Directions.
Omit all pictures. Copy exactly the lines from the line containing "Met dit activiteitenboekje" to the end of the listing, with both ends included.
===== Information supplied
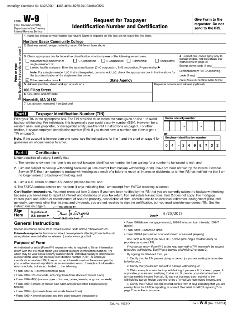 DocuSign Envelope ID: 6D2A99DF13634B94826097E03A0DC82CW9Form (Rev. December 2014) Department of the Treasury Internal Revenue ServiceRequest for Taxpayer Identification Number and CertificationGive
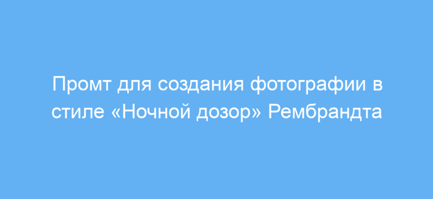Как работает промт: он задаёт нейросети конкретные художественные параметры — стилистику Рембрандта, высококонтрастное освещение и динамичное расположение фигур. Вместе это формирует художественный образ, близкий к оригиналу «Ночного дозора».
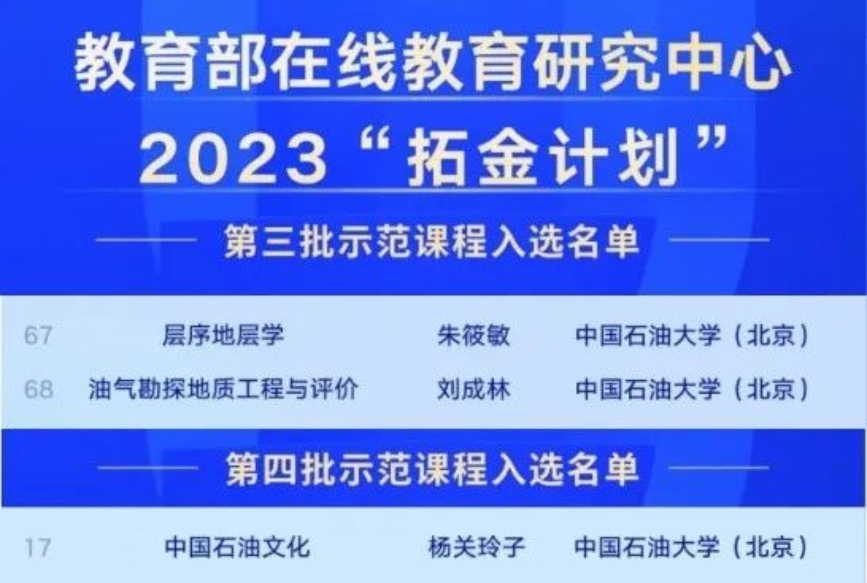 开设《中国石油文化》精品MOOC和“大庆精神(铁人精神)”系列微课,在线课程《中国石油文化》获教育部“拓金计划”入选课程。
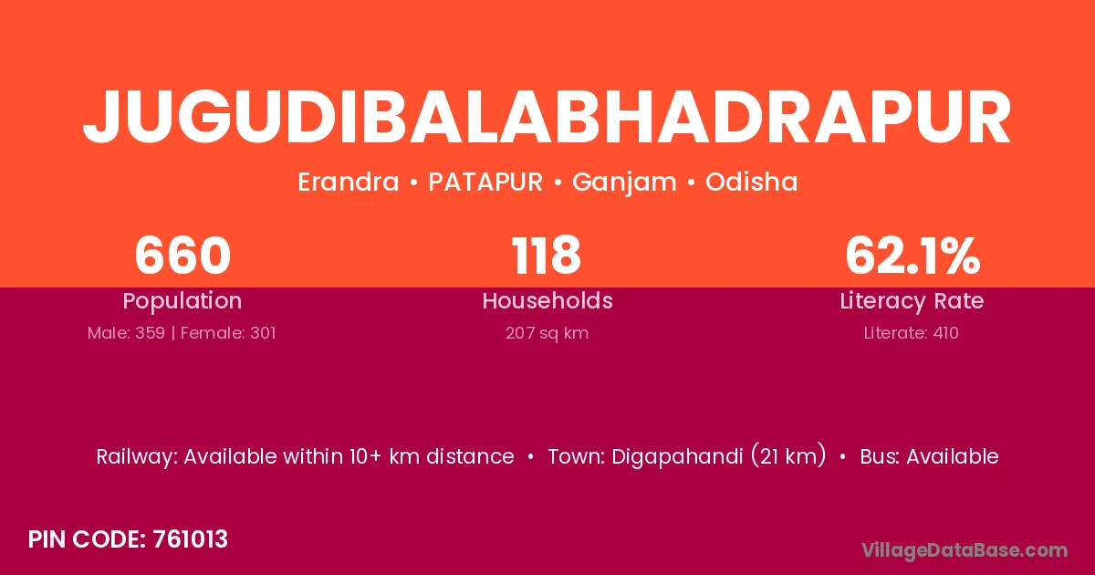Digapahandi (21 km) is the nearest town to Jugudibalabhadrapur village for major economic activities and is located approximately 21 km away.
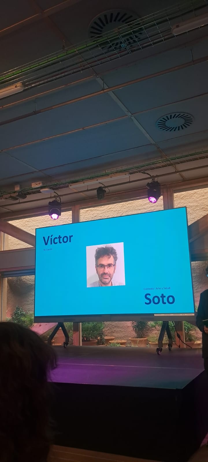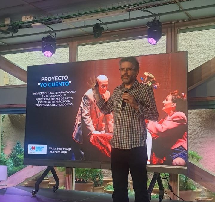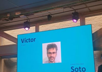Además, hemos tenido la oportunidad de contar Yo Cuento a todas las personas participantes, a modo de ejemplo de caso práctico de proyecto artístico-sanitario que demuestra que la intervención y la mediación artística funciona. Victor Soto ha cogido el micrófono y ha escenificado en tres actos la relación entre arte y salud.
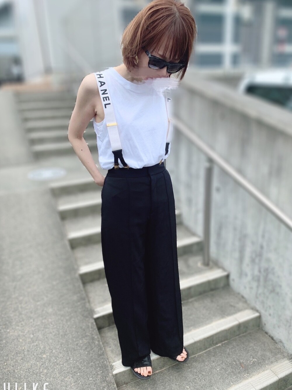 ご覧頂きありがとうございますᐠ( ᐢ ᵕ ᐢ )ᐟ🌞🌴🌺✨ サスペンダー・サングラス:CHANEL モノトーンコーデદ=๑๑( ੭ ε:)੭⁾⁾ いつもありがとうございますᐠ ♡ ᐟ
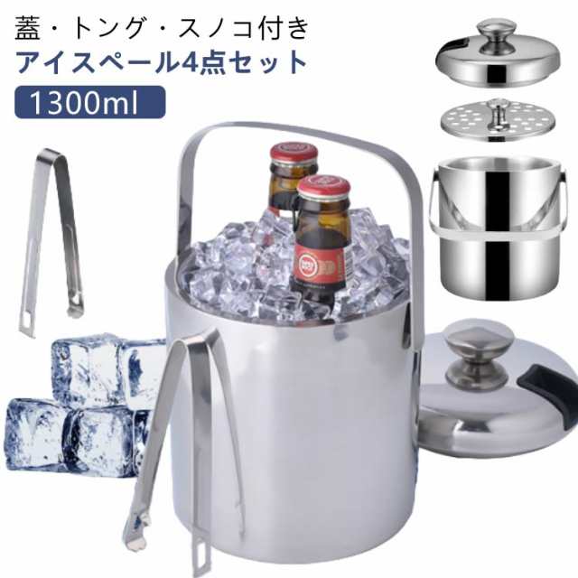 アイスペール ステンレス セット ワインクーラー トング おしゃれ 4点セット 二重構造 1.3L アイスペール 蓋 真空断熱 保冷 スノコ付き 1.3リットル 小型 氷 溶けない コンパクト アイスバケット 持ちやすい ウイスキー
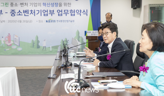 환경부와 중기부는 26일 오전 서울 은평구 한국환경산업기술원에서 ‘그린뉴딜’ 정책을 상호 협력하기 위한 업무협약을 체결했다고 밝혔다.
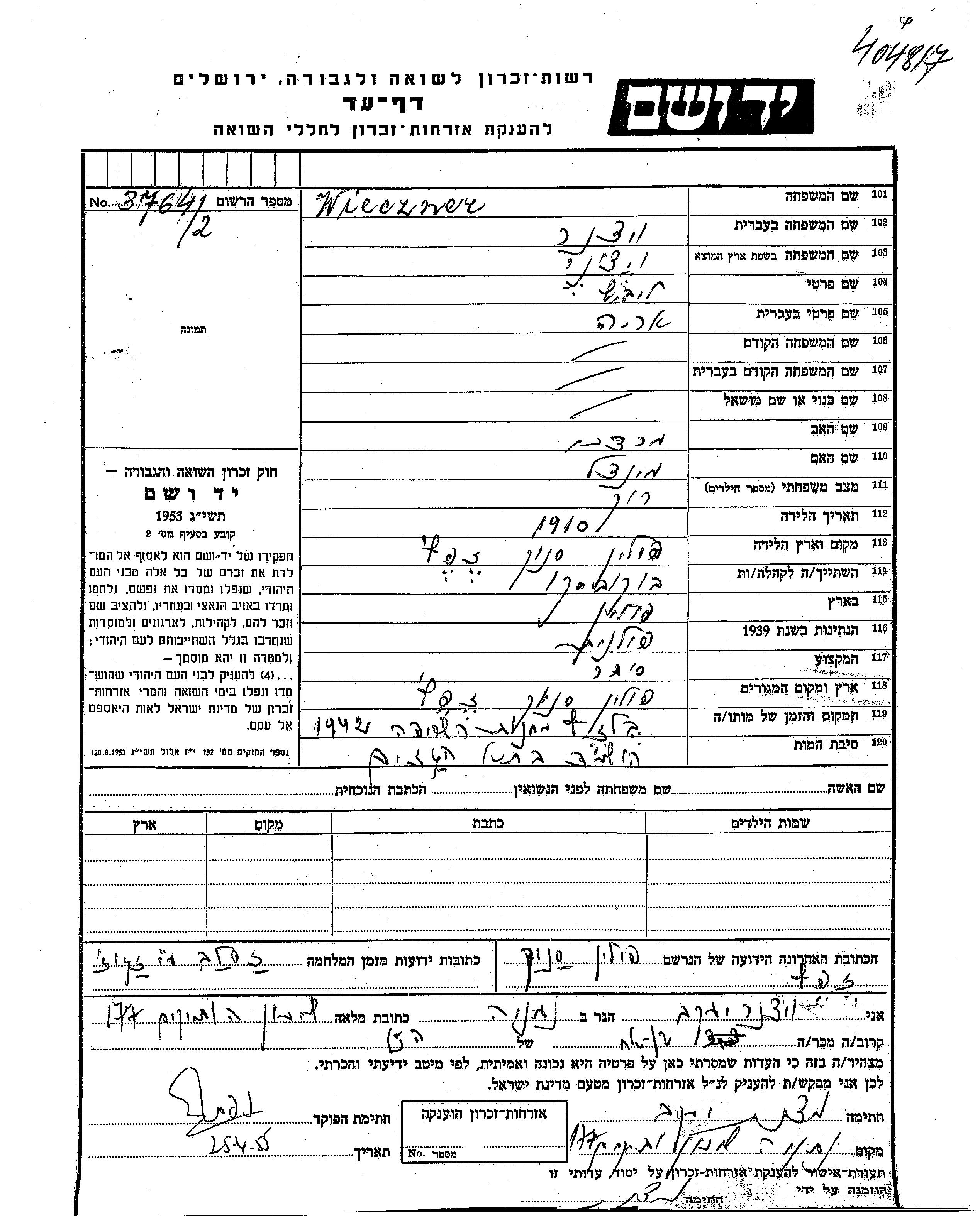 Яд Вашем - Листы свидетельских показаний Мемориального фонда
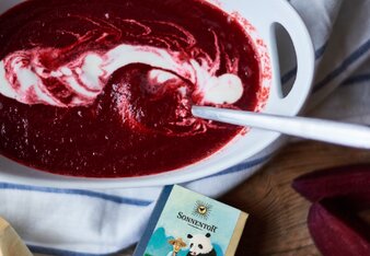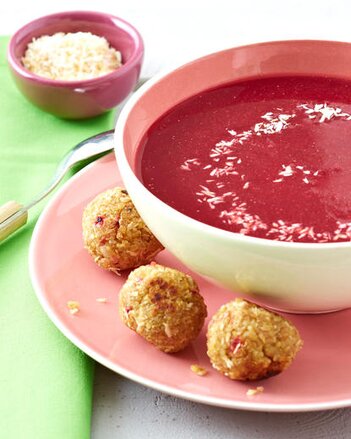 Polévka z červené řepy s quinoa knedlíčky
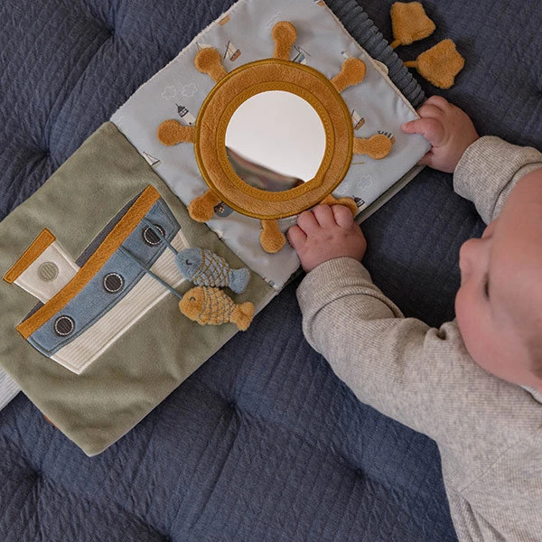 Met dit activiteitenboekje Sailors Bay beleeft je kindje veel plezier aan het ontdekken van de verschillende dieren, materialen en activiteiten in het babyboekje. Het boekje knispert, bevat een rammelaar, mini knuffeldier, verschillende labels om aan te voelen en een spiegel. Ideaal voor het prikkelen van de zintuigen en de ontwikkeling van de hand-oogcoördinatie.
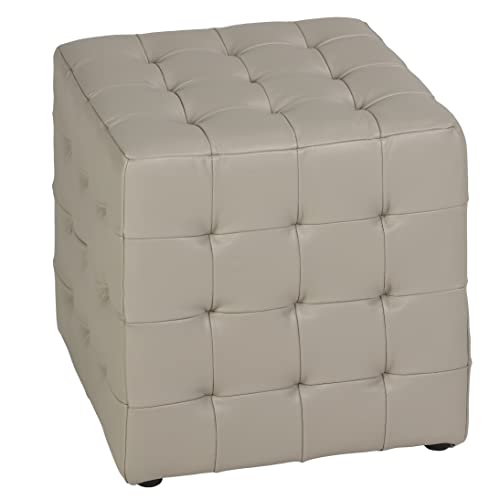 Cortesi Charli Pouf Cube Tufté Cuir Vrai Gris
==========
Written answer.
 Met dit activiteitenboekje Sailors Bay beleeft je kindje veel plezier aan het ontdekken van de verschillende dieren, materialen en activiteiten in het babyboekje. Het boekje knispert, bevat een rammelaar, mini knuffeldier, verschillende labels om aan te voelen en een spiegel. Ideaal voor het prikkelen van de zintuigen en de ontwikkeling van de hand-oogcoördinatie.
 Cortesi Charli Pouf Cube Tufté Cuir Vrai Gris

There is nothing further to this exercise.